Version-Release number of selected component (if applicable):
lvm2-2.02.115-3.el7.x86_64
kernel-3.10.0-123.4.4.el7.x86_64
kernel-3.10.0-123.8.1.el7.x86_64
kernel-3.10.0-229.el7.x86_64

How reproducible:
unknown

Steps to Reproduce:
1. Fill thinpool to 100% data usage
2. Extend thinpool
3. Reboot server

Actual results:
thinpool is unable to be activated:
[root@jack-tank ~]# vgchange -ay data
Thin pool transaction_id is 7345, while expected 7346.
Thin pool transaction_id is 7345, while expected 7346.
Thin pool transaction_id is 7345, while expected 7346.
Thin pool transaction_id is 7345, while expected 7346.
Thin pool transaction_id is 7345, while expected 7346.
Thin pool transaction_id is 7345, while expected 7346.
Thin pool transaction_id is 7345, while expected 7346.
Thin pool transaction_id is 7345, while expected 7346.
Thin pool transaction_id is 7345, while expected 7346.
Thin pool transaction_id is 7345, while expected 7346.
Thin pool transaction_id is 7345, while expected 7346.
Thin pool transaction_id is 7345, while expected 7346.
Thin pool transaction_id is 7345, while expected 7346.
Thin pool transaction_id is 7345, while expected 7346.
Thin pool transaction_id is 7345, while expected 7346.
Thin pool transaction_id is 7345, while expected 7346.
Thin pool transaction_id is 7345, while expected 7346.
Thin pool transaction_id is 7345, while expected 7346.
Thin pool transaction_id is 7345, while expected 7346.
Thin pool transaction_id is 7345, while expected 7346.
Thin pool transaction_id is 7345, while expected 7346.
Thin pool transaction_id is 7345, while expected 7346.
Thin pool transaction_id is 7345, while expected 7346.
Thin pool transaction_id is 7345, while expected 7346.
Thin pool transaction_id is 7345, while expected 7346.
Thin pool transaction_id is 7345, while expected 7346.
Thin pool transaction_id is 7345, while expected 7346.
Thin pool transaction_id is 7345, while expected 7346.
11 logical volume(s) in volume group "data" now active
[root@jack-tank ~]# lvs /dev/data/thin_pool
LV VG Attr LSize Pool Origin Data% Meta% Move Log Cpy%Sync Convert
thin_pool data twi---tz-- 150.00g
[root@jack-tank ~]# lvchange -ay data/thin_pool
Thin pool transaction_id is 7345, while expected 7346.
[root@jack-tank ~]# lvs /dev/data/thin_pool
LV VG Attr LSize Pool Origin Data% Meta% Move Log Cpy%Sync Convert
thin_pool data twi---tz-- 150.00g
[root@jack-tank ~]#

Expected results:
transaction_id should match expected id.

Additional info:
i'm not sure what I did to get into this state. I attempt to increase the size of the thin_pool volume by adding 50G, but this did not decrease the data%. I rebooted to see if that would clear up the discrepancy. After that I was unable to activate my volumes.
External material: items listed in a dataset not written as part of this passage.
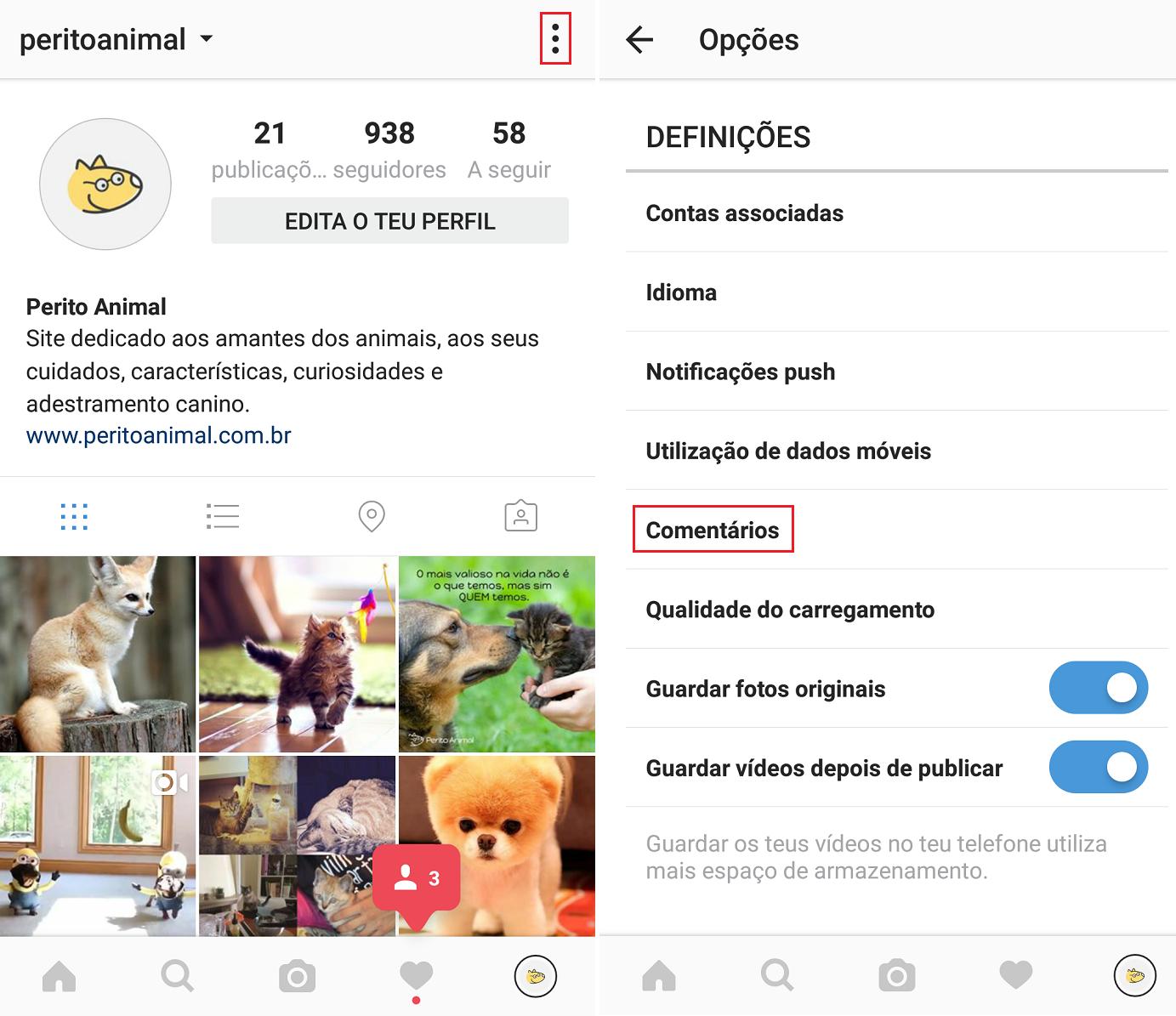 Após ter o app atualizado, deve abrir o Instagram e ir até ao seu perfil. De seguida, deverá clicar no ícone dos três pontos verticais e ir até à opção Comentários, que se encontra em Definições.
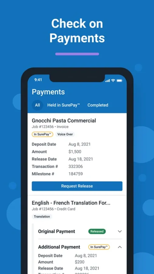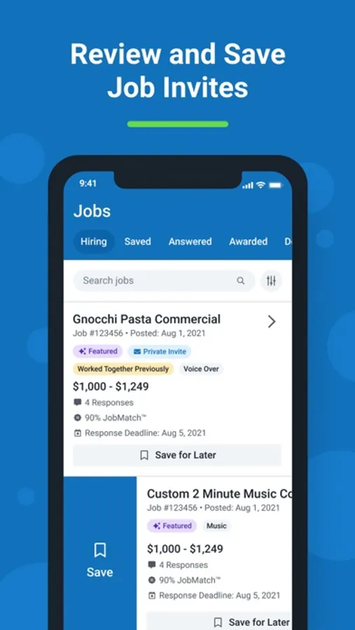 With our Voices Talent Companion app, you can easily manage jobs on the go, from saving jobs for later, to accepting job agreements, to communicating with clients, to checking on payment status for projects you’ve completed.
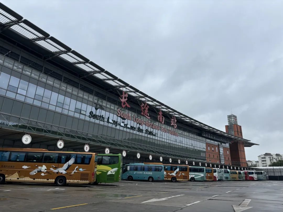 下午两点,长途南站停车场内,等候的客运大巴秩序井然。候车大厅中,旅客们大包小包的行李摆放在座椅旁,大家或安静地浏览手机,或与同伴低声交谈。检票口前,准备上车的旅客正有序排队检票,工作人员也在大厅内巡视,为有需要的旅客提供帮助。
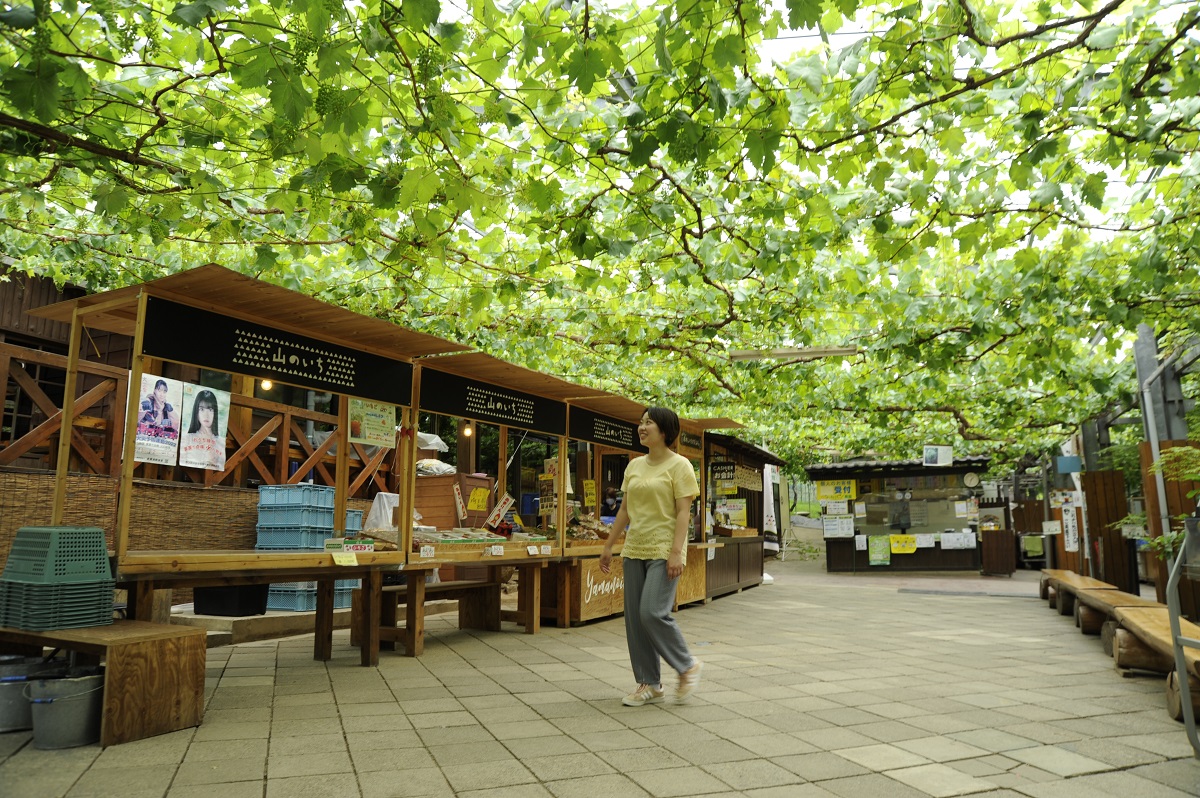 東京ドーム1個分の広さを誇る「小松沢レジャー農園」。ぶどう狩り、いちご狩り、シイタケ狩り、さつまいも掘り、マス釣り・マスつかみ取り、手打ちそば・手打ちうどん体験など、季節によってさまざまな体験ができる農園です。甘い匂いに誘われて園内へ。夏にはブドウ棚にたわわに実るシャインマスカットや巨峰などが観光客を出迎えてくれます。
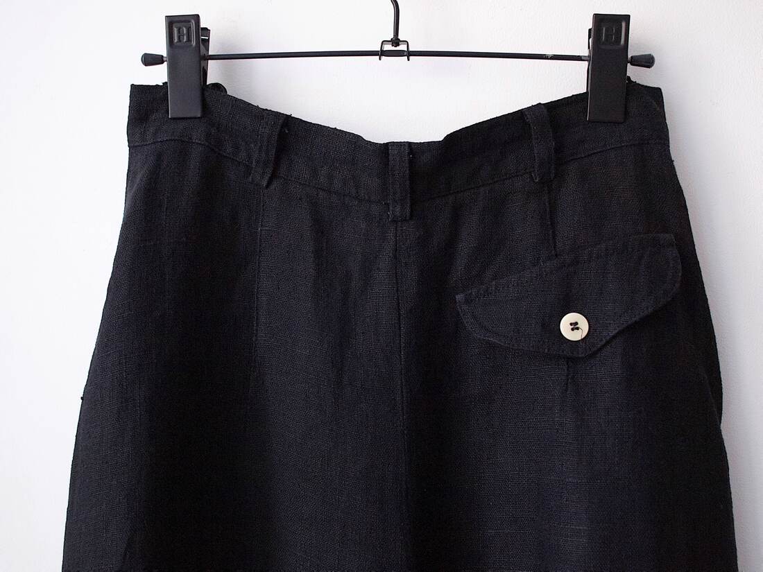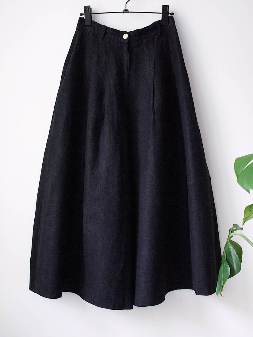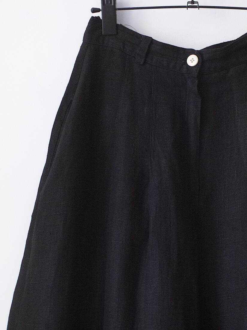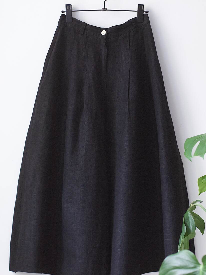 Lniane spodnie z bardzo szerokimi nogawkami. Kieszenie, szlufki na pasek, wysoki stan. Wykonana z grubego, mięsistego lnu. Polecam na XS-S, bez wad.
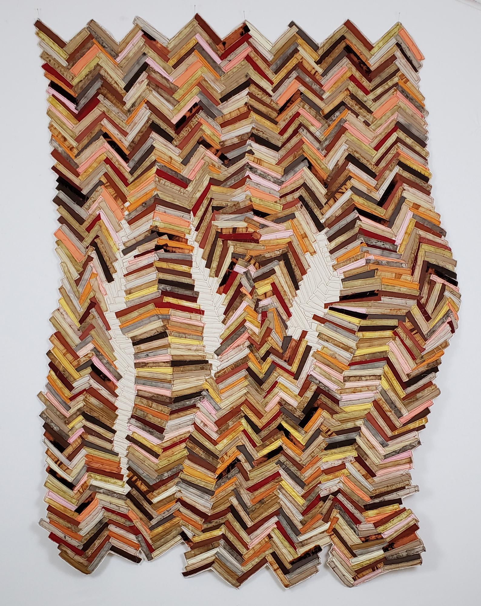 My geometric installations, sculptures, paintings, textiles, and quilts stem from my ongoing research of American quilt history. I learned how to sew as a child from my mother and borrow traditions from quilt making using improvisation, contrast, repeat patterns, and shifts in scale while incorporating colors, textures, and structures representative of the natural surroundings in South Florida. My continuing interests and research include American architecture, Folk-Art Quilts, geometric patterns in nature, and geometric-abstract artists from the mid to late twentieth century. Specific influences include Gees Bend quilters, Elizabeth Murray, Monir Shahroudy, Carmen Herrera, Helen Frankenthaler, Gego, and Eva Rothchild.
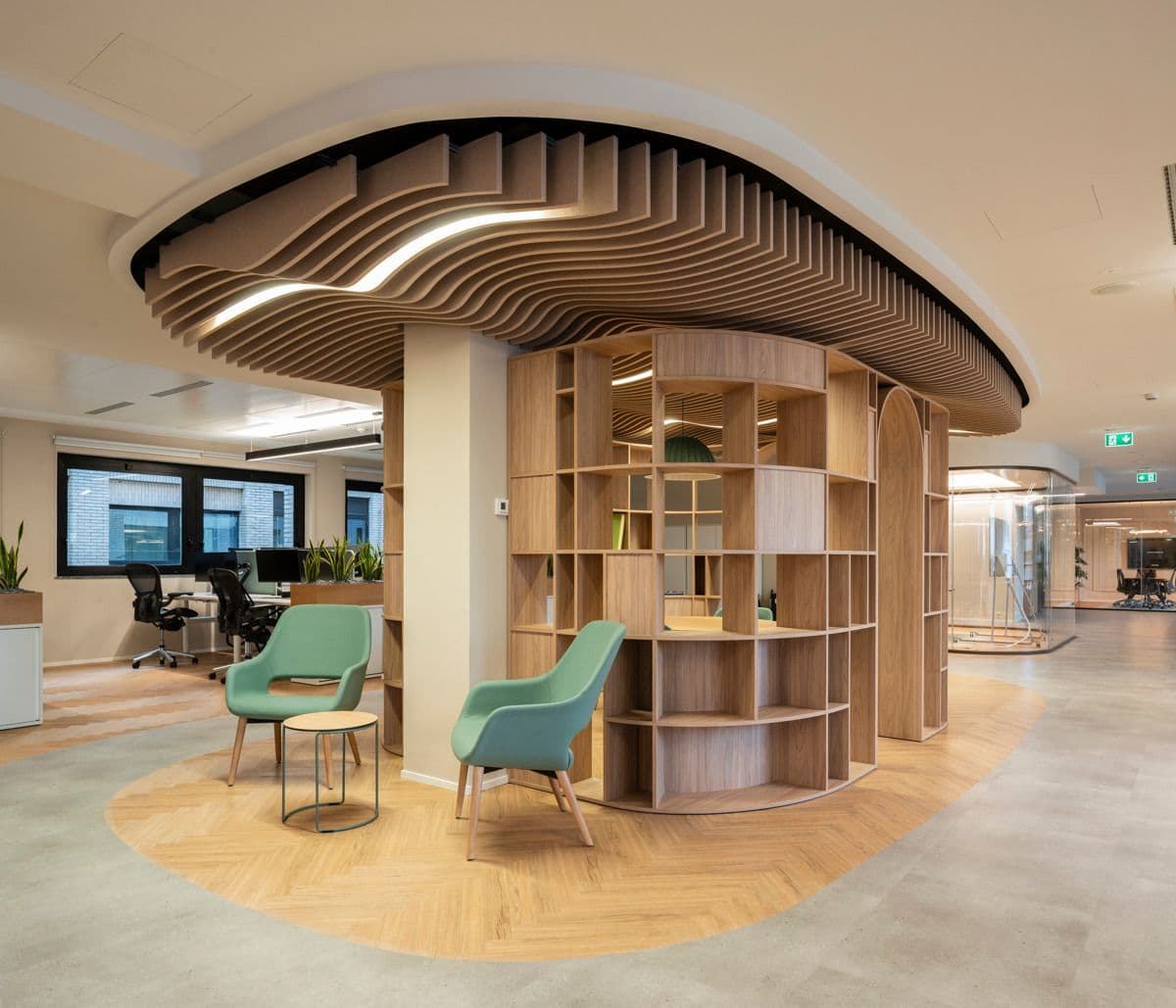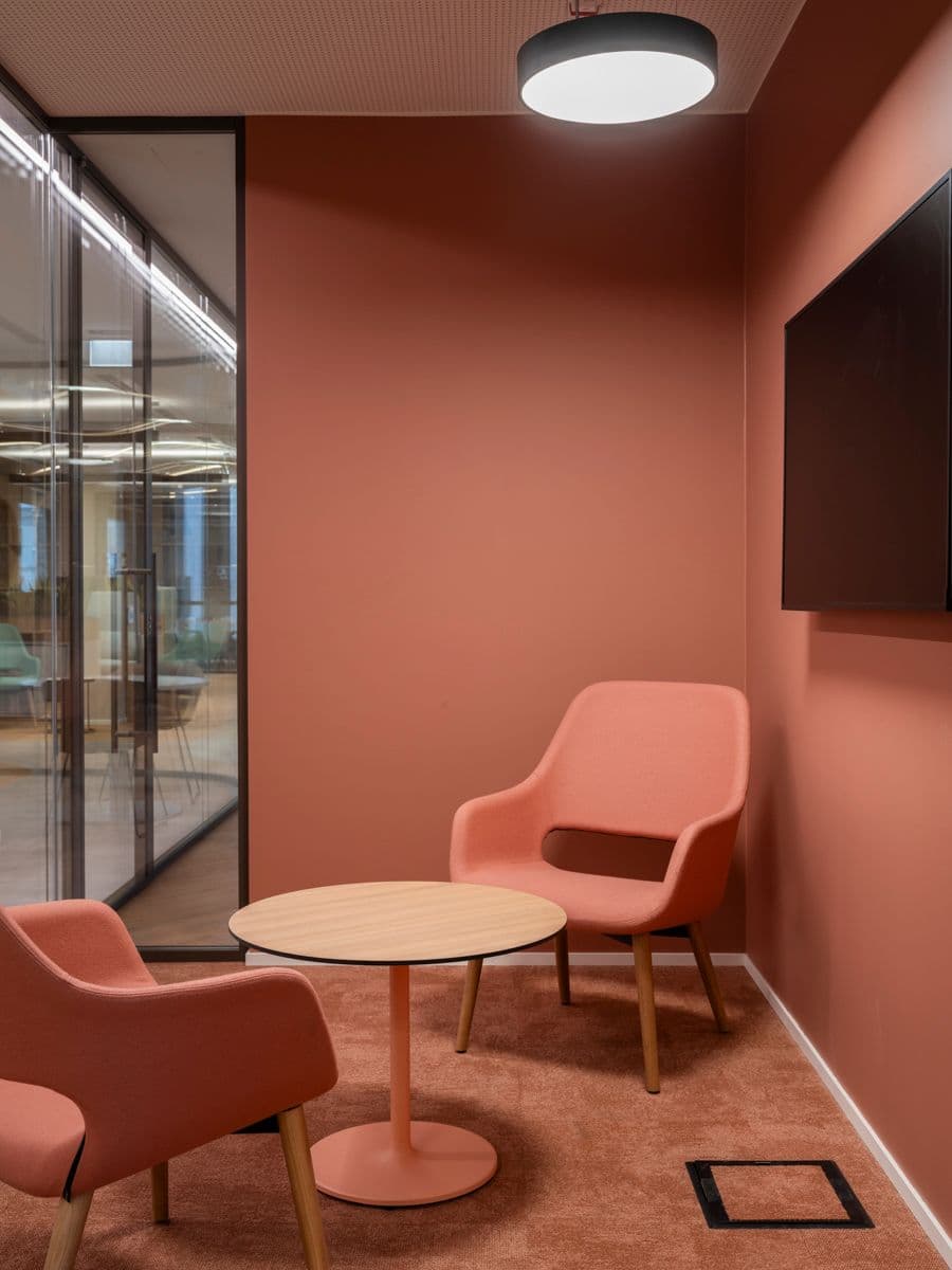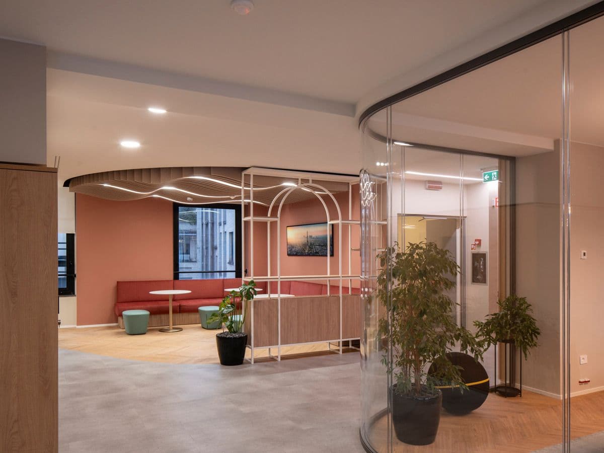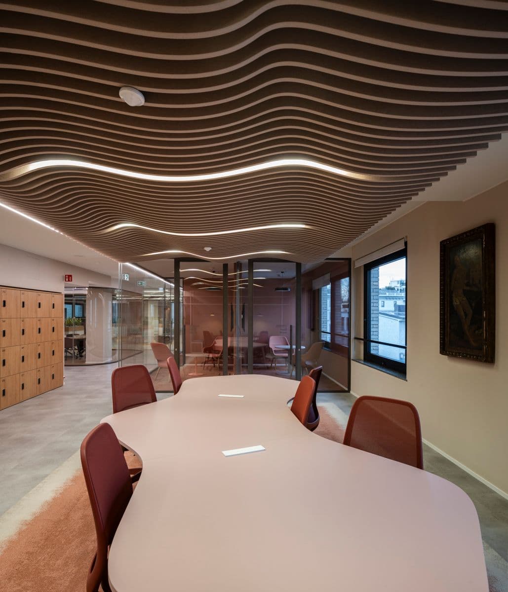 L’intervento riguarda il 3° e 4° piano della struttura, rinnovati per offrire maggiore versatilità e adattabilità alle necessità aziendali, garantendo il massimo comfort anche dal punto di vista acustico, grazie all'impiego di pannelli fonoassorbenti e soffitti progettati ad-hoc.

Comment 3 Zdenek Kabelac 2015-03-09 08:20:15 UTC

From metadata archive it looks like lvm2 didn't properly validate removal of  data/vm_f21_server LV and jumped one step further while thin-pool has been already in overfilled stated.

I'll try to write a reproducer.

(As a side note it's also unclear why there are archived files from vgdisplay command)

Comment 4 Zdenek Kabelac 2015-03-09 14:21:54 UTC

So the reason for 'vgdisplay' archiving is missed 'backup()' creating in error path.  Since lvm2 updates metadata but likely fail to lvremove and ommits doing backup in this error path - so the next following lvm command (i.e. vgdisplay) is noticing there is missed backup and will the archiving and backup during this command - so this needs fix.

Comment 5 Zdenek Kabelac 2016-07-01 07:06:00 UTC

Any transaction id update is now provided with instant check that confirms transaction Id has really the expected number.

While the source code is a moving target - and possibility of some missed updated cannot be fully eliminated - we should be now able to spot such forgotten update and stop further actions by 2 new extra levels of validation.

Saying this - I've not seen any problems with some unexpected transaction_id change for a while - so hoping we eliminated primary source of trouble.

So hopefully there is no reproducer for this bug.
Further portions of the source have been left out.